#### Activity
In the entries below, find every line holding the string "along" and collect it.

#### Data in this exercise
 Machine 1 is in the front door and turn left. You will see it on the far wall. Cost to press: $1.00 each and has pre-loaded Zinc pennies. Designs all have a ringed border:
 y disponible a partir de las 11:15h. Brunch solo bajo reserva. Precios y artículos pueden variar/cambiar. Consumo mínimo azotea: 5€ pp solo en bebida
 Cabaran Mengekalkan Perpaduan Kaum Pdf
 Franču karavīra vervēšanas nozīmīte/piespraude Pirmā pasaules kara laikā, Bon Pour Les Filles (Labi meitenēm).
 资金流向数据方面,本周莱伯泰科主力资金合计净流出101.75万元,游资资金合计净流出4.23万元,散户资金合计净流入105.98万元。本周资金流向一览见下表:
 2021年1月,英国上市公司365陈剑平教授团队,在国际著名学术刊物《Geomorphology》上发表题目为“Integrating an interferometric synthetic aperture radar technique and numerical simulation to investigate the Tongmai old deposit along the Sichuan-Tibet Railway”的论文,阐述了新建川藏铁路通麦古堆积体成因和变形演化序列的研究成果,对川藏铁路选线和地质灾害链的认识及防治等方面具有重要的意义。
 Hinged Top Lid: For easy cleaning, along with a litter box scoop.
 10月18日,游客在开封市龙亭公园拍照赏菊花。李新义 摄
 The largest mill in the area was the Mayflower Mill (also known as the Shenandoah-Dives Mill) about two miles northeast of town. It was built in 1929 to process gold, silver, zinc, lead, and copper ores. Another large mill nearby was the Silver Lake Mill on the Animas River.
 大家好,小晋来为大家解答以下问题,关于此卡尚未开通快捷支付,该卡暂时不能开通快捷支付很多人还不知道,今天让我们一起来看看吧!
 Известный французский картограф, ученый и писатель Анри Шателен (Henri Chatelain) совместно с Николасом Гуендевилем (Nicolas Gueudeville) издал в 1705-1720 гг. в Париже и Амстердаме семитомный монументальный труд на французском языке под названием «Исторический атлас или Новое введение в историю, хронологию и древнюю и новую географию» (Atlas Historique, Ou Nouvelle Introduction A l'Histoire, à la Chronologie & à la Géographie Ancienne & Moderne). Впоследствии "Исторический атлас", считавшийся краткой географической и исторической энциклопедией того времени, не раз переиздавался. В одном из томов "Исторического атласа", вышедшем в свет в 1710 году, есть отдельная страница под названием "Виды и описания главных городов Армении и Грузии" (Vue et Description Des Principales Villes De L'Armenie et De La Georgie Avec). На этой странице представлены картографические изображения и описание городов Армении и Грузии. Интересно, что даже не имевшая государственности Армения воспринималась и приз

#### Solution to this problem
 2021年1月,英国上市公司365陈剑平教授团队,在国际著名学术刊物《Geomorphology》上发表题目为“Integrating an interferometric synthetic aperture radar technique and numerical simulation to investigate the Tongmai old deposit along the Sichuan-Tibet Railway”的论文,阐述了新建川藏铁路通麦古堆积体成因和变形演化序列的研究成果,对川藏铁路选线和地质灾害链的认识及防治等方面具有重要的意义。
 Hinged Top Lid: For easy cleaning, along with a litter box scoop.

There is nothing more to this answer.